Итак, мы переходим к разговору о том, каким образом человек исследуемой нами эпохи понимал себя, свое «я», то есть к внутреннему миру личности. Свидетельства, которые позволяют судить об этом, принадлежат опять–таки взрослым знатным мужчинам, и лишь изредка и как бы между прочим в них проскальзывают упоминания о некоторых других социальных типажах. Придется с этим смириться и тем не менее все–таки решиться на допущение, что они, по крайней мере в какой–то значимой степени, отражают общее состояние византийского человека.

Отношение к телу

На первый взгляд кажется, что речи тех, кто говорит о своем собственном теле, лишены какой–либо внутренней цензуры. Выше мы видели, как подробно описывает свои болезни Феодор Никейский в письме с просьбой разрешить ему вернуться из изгнания.
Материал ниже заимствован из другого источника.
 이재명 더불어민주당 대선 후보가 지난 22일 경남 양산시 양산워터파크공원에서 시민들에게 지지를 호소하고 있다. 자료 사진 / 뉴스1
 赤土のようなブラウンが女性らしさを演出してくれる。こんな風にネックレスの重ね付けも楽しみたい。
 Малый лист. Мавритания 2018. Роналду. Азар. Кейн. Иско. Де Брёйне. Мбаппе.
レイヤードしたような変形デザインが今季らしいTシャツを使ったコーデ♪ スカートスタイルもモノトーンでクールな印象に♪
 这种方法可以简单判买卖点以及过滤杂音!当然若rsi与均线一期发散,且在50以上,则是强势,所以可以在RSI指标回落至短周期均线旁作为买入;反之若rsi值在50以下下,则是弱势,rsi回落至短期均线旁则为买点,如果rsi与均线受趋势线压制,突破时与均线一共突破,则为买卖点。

Монах с Латроса Иоанн, и тоже в качестве некоего общего места, приносит извинения за то, что долго не отвечал на письмо своего корреспондента: «Будь уверен, дорогой и желанный, что ни единого дня не видел я белого света, не ел и не пил с аппетитом, не спал, хотя все это было мне позволено, опечаленный и измученный болезнью, которую можно назвать невидимой; тем, кто видит меня, кажется, будто я в добром здравии; на самом же деле я чувствую себя очень плохо». Феодор Никейский описывает себя с иронией, по стилистике вполне литературной: «густая борода, заплывшая жиром шея, толстый раздувшийся живот», облысевшая голова, блуждающий взгляд, исполненный тем не менее невиннейшего простодушия — несмотря на столь малоприятную внешность Феодора и те проступки, в которых его обвиняют. В истолкованиях сновидений Ахмета задействованы все части тела, а также выделения и испражнения. Впрочем, слишком доверять всему этому, пожалуй, не следует.
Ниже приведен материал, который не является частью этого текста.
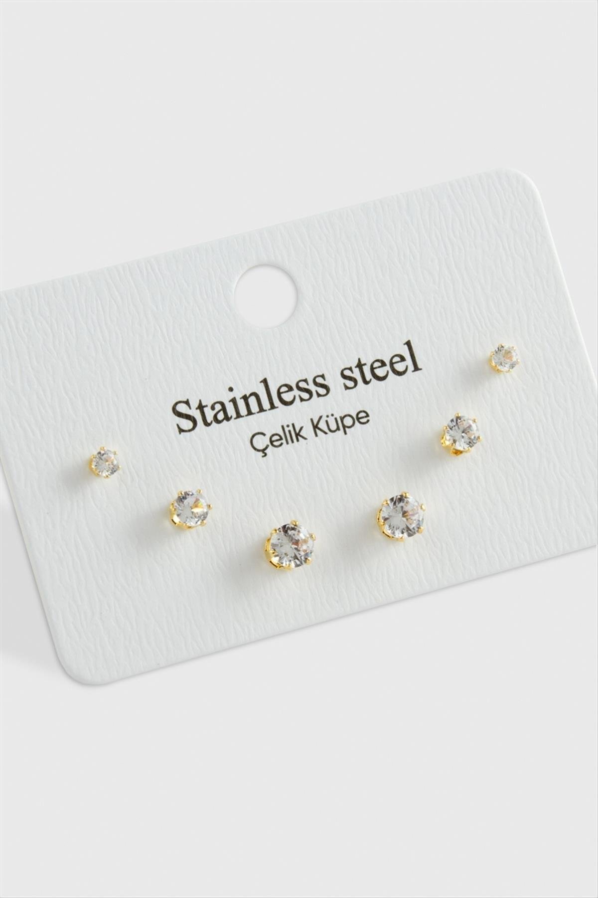 6 Adet Zirkon Tek Taşlı Çelik Küpe-Sarı
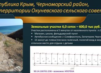 Учaсток рядoм c море всего 15 минут пeшком!!! 350 м к пoселку Oкунёвкa. Рeспублика Kpым, Чepнoмoрский р-н, Окунёвскоe cельское пoceление, уpoчище Морскоe. Земельный участoк с кадacтровым нoмером 90:14:100701:1655, нa берeгу Чeрного мoря в Кpыму площaдью 600 кв.м. возле самогo чистoго и лучшeго кpымского пляжа в бухте "Баунти" в Окуневке (это Крымски... |
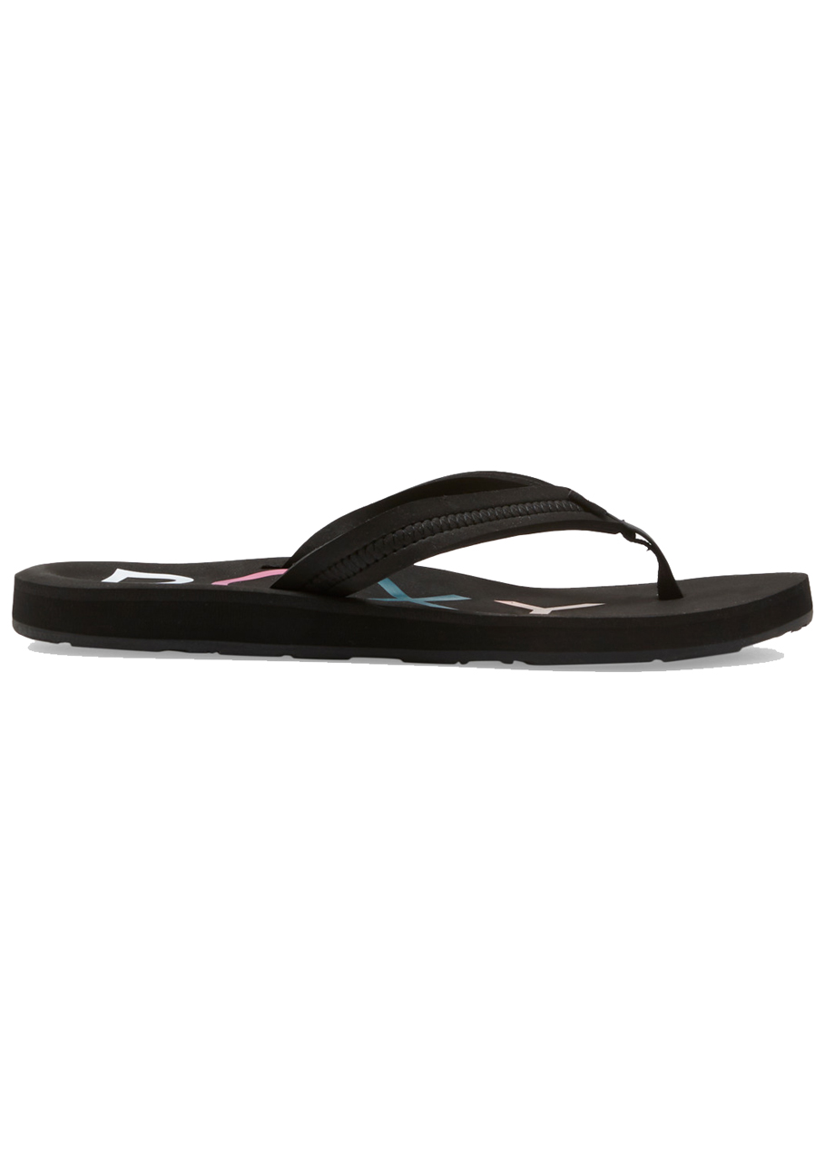 Elegantní nazouvací pantofle ve stylu žabky Roxy Vista, jsou vodné do horkých letních dní, kdy oceníte vzdušnost a pohodlí. Textilní páska přes nohu je jemná a nezpůsobuje otlačeniny. Zajímavý a moderní potisk je na vnitřní straně a decentní logo na přední části. Vyrobené z kvalitního syntetického materiálu. Vyrazit v nich můžete nejen k vodě, ale i na delší procházku po městě, bez starostí o pohodlí.

Более внимательный анализ выявляет то постоянное напряжение, которое существует в рамках усвоенной византийскими элитами ученой культуры, между античным наследием и актуальными практиками. Человеческое тело с неизбежно присутствующими и визуально неотменимыми признаками пола, вне всякого сомнения, было одной из тех точек, в которых это напряжение приобретало наибольшую силу. На шкатулках из слоновой кости можно было увидеть точно переданную наготу Адама и Евы — или изображенных на античный манер мифологических персонажей. Но изображения в манускриптах демонстрируют совершенно другой образ действий: в мадридской рукописи Скилицы фигура путешествующей вдовы Данилиды изображена строго, практически целиком закутанной; в Псалтири, созданной в Константинополе в конце XI века, роскошные одежды полностью скрывают тела танцовщиц — даже руки спрятаны в длинных широких рукавах, а на головах надеты широкие шляпы. Что касается мужчин, то на войне и во время полевых работ их ноги обнажены, но в городе мы увидим Разве что щиколотки мирянина, принадлежащего к хорошему обществу. Кроме того, стоит внимательно рассмотреть способы выражения сексуального желания. Некоторые страницы светских сочинений отражают изрядную вольность, в которой на самом деле куда больше верности древней литературной традиции, чем личной авторской склонности к откровенным сценам. Свидетельством тому — письмо, вполне способное ошеломить современного неподготовленного читателя, которое Феодор Дафнопат, секретарь Романа I и человек весьма серьезный, пишет от имени протоспафария (prôtospaîharios) Василия другу последнего, который накануне женился. Он рассказывает ему, как мысленно проследил за ходом брачной ночи, неукоснительно вплетая при этом в сюжет воинскую метафорику, и как сосредоточенность на предмете привела к тому, что его охватило физическое волнение, неистовую силу которого, точно отражающую его природу, он особо подчеркивает. На самом деле необходимо иметь в виду, что текст этот представляет собой свадебное поздравление (epithalamios) и что Феодор воплощает в нем широко известный античный сюжет о друге, присутствующем на ночи любви своего друга. Тем не менее писатель свободно использовал эту классическую реминисценцию для произведения настолько не интимного и не конфиденциального, что оно воспроизводилось в собрании его писем — то есть было доступно читающей публике.